» **Data section**:
******************************

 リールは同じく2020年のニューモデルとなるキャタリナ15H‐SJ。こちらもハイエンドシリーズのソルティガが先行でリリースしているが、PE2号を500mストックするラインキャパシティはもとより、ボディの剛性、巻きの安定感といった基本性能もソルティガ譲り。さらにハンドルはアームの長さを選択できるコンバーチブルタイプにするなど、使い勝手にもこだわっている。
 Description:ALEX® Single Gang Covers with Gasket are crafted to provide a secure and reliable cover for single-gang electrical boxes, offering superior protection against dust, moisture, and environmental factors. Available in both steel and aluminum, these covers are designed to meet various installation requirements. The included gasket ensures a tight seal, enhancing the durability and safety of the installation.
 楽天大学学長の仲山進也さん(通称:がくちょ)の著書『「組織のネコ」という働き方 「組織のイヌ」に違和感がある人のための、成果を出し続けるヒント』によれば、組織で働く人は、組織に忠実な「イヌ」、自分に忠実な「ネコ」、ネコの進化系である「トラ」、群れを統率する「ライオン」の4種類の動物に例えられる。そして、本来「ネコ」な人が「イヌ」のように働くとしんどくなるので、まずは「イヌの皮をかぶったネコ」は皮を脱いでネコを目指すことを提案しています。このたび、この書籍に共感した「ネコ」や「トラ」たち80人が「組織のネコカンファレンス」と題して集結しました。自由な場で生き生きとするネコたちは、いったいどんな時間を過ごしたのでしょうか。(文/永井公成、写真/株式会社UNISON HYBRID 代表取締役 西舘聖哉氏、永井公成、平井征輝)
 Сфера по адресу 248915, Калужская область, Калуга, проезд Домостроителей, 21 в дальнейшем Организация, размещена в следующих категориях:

******************************

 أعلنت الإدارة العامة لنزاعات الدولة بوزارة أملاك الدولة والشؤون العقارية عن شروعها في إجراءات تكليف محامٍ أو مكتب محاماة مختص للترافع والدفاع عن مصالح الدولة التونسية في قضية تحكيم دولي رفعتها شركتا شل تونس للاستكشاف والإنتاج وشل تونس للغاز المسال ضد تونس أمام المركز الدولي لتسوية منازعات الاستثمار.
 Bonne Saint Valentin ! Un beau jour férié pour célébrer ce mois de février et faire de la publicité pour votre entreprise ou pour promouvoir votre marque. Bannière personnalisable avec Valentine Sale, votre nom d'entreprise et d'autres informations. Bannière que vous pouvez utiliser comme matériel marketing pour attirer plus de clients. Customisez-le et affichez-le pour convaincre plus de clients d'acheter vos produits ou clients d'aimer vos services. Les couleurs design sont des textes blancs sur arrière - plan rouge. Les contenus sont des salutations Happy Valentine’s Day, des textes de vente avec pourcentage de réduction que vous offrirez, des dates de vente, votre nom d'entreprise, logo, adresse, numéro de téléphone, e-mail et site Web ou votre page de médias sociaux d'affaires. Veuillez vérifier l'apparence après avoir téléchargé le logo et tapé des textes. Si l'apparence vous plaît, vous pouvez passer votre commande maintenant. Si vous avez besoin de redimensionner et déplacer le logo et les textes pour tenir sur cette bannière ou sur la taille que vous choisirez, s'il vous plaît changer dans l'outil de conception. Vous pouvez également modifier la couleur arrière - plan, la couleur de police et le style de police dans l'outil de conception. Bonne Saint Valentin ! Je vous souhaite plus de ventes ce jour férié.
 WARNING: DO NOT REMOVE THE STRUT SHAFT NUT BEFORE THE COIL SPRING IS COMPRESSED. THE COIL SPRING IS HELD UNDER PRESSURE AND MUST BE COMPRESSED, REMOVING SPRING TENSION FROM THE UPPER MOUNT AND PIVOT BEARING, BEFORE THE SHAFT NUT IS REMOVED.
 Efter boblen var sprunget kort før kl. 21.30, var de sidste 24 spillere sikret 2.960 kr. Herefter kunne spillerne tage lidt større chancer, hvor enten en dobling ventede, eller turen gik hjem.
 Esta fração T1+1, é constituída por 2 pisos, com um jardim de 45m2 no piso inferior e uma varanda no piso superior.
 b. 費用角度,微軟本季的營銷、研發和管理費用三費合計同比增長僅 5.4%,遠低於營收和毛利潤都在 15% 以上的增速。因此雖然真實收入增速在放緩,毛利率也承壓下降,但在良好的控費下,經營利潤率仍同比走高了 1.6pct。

******************************

Say how many lines in the entries contain the string "superior", and say nothing else.

2